Hi there. This is a problem I have come across a number of times and I'm sure there's an elegant solution I'm missing.

I have some DateTime variables in c# that I get sent from various SQL tables/websites/web services, often sent as strings. The problem is that some of these sources are set up as English (United States) and some are set up as English (British). I don't have control over some of these, as I would dearly like to set them all to one culture or the other.

Until now I have been converting these using a CultureInfo object to format it correctly like:

CultureInfo ci = new CultureInfo("en-GB");
Convert.ToDateTime(inputDateTimeString, ci);

However, it has only recently occured to me that the conversion doesn't know what culture the original DateTime is in (as I said, it could be either American or British) since it is just a string.

In the case of a date string, say "06/15/2009", this is fine because the conversion recognises that '15' can't be the month. However a date string of "06/07/2009" will always be valid but, depending on whether the original was American or British, it could be referring to different days and months.

Is there a better accepted method for handling DateTime's in general that cuts down on these ambiguities? Thanks.
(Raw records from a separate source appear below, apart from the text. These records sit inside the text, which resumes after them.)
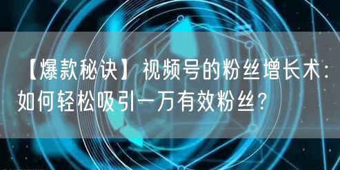【爆款秘诀】视频号的粉丝增长术:如何轻松吸引一万有效粉丝?
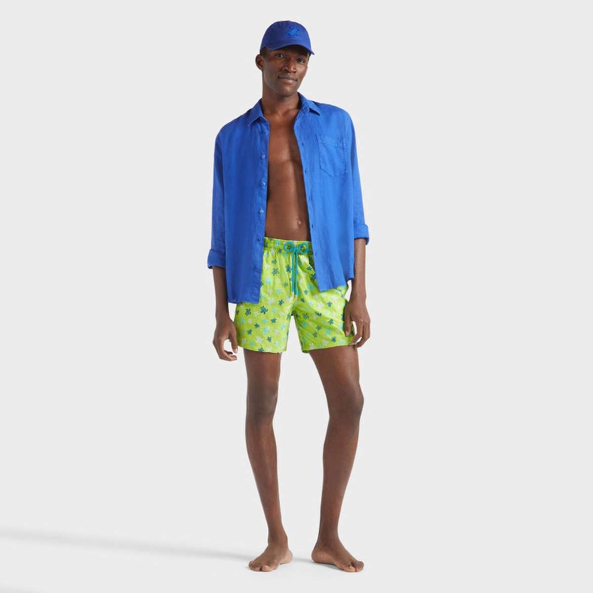 Sınırlı sayıda ve numaralandırılmış olarak üretilen MISTRAL erkek yüzme şortları, tamamen işlemeli tasarımı ve büzme ipindeki gümüş uçlar ile mükemmellik sevenler için tasarlandı.
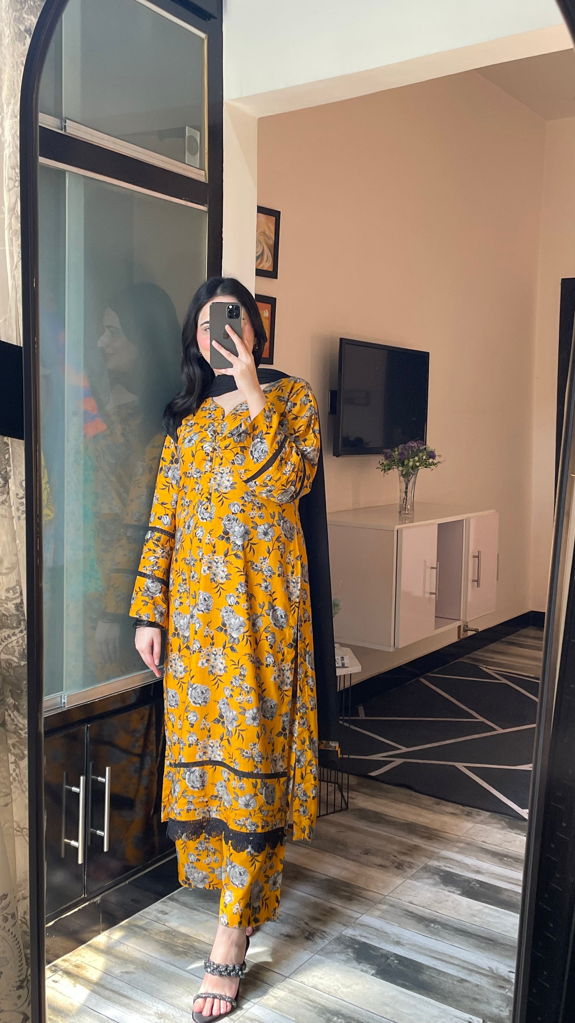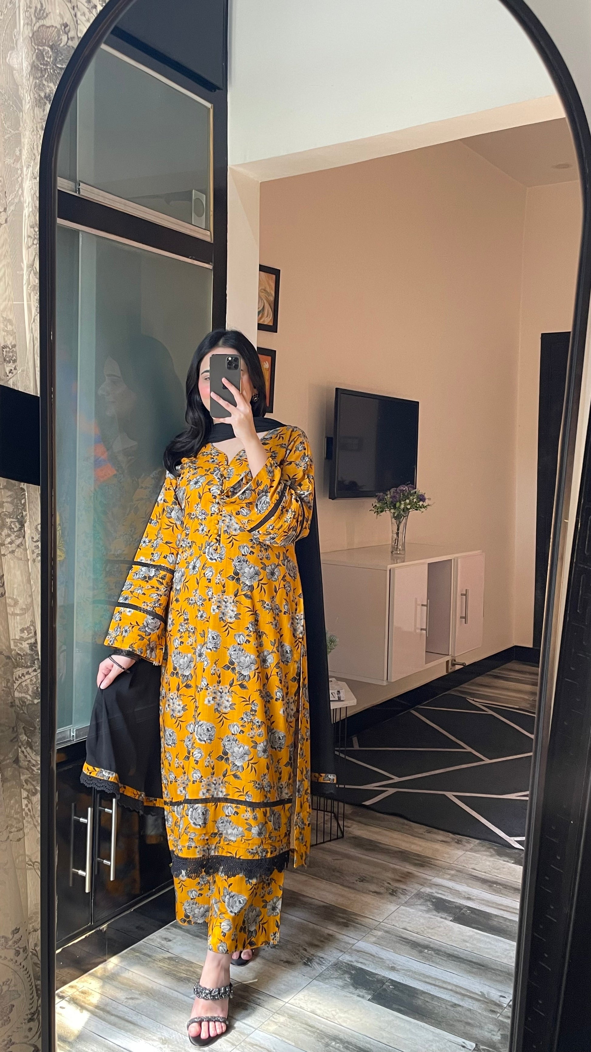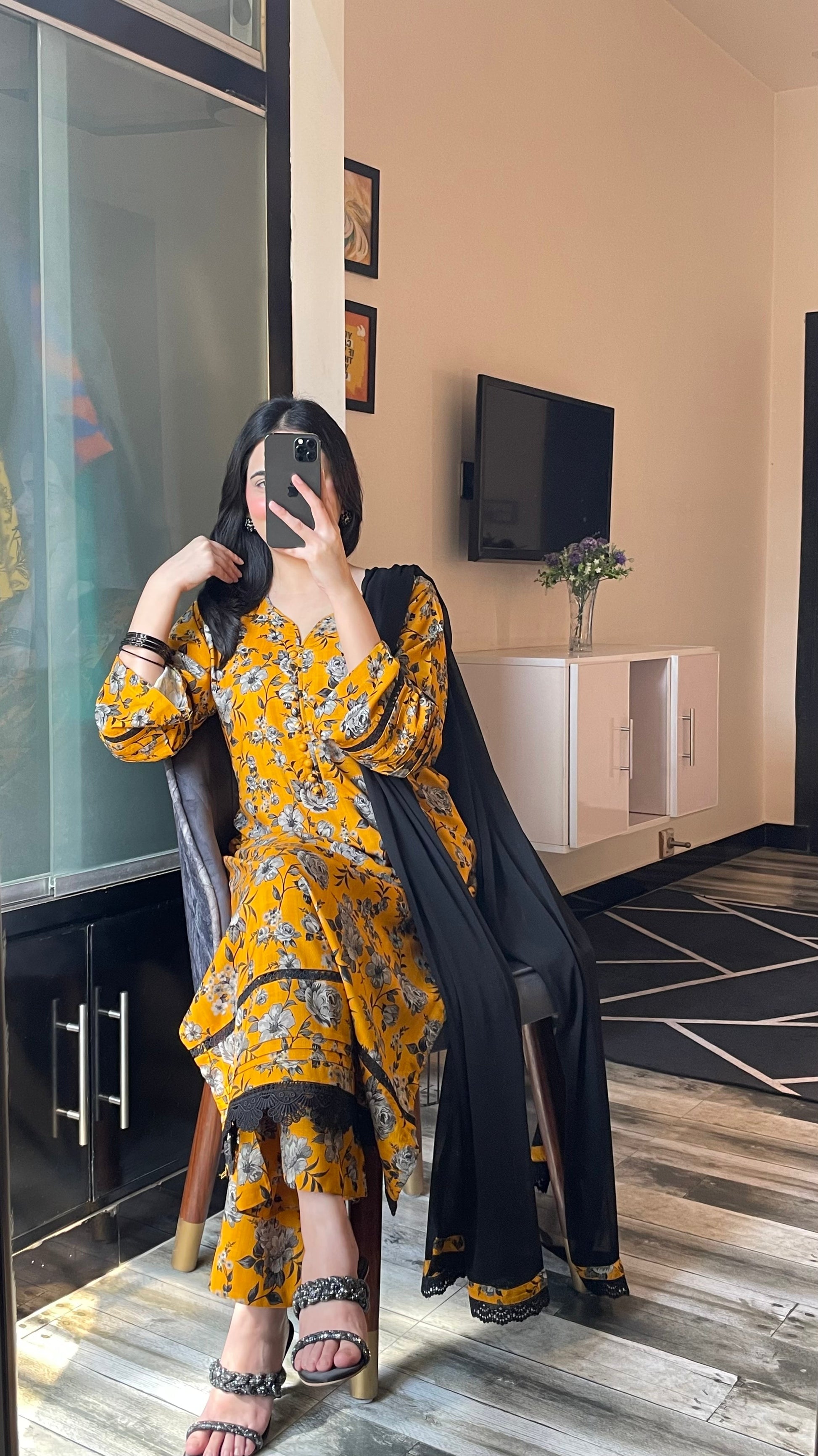 Dupatta:A beautifully finished chiffon dupatta adorned with lace work, adding a soft, feminine touch to the ensemble.

EDIT: Right, so it seems there is no reliable way to always convert into the correct format because my information is limited.

One source of these DateTime strings is a .dll I have no control over. However, I DO have control over the SQL login that this .dll uses to access the database where the information is stored. If I were to change the language setting of this login to British English (it is currently American English), would it retrieve DateTime's in that format, or would it have no effect? I'd have to check ofcourse that it didn't screw anything else up, but might it work?

+7  A: 

You need to tackle the problem at its source: you're being given data in an ambiguous format. If you can't change the data sources themselves, you should decorate them with a format string or something like that, so that you know to treat the whole data source in one way or the other.

Without that information you simply can't reliably parse the data.

Jon Skeet
Well said. This problem reminds me of being told to split names (first,last) after the fact, with no supporting data. You can do it... but it won't be reliable.
Russell Steen
If only all systems handled date time in UTC format and only converted at display time.
Gus Paul
@goap: That doesn't actually solve all problems. Sometimes you need to know the local time + time zone. For instance, you can't work out "same time next week" without knowing the time zone.
Jon Skeet
A: 

What I usually do (with any parsing) is:

  1. TryParse using the culture of the user
  2. If it fails, Parse using the culture invariant flag
GoodEnough
Use the value you got from the parsing...
GoodEnough
A: 

If I understand your question correctly it is a bit out of your control - if you get these dates from external sources, you need to know what format they are in. Once you get a DateTime object in C# the initial format doesn't matter - it just contains the date and time regardless of the format.

On the other hand why don't you get them as some sort of date time database format from the database?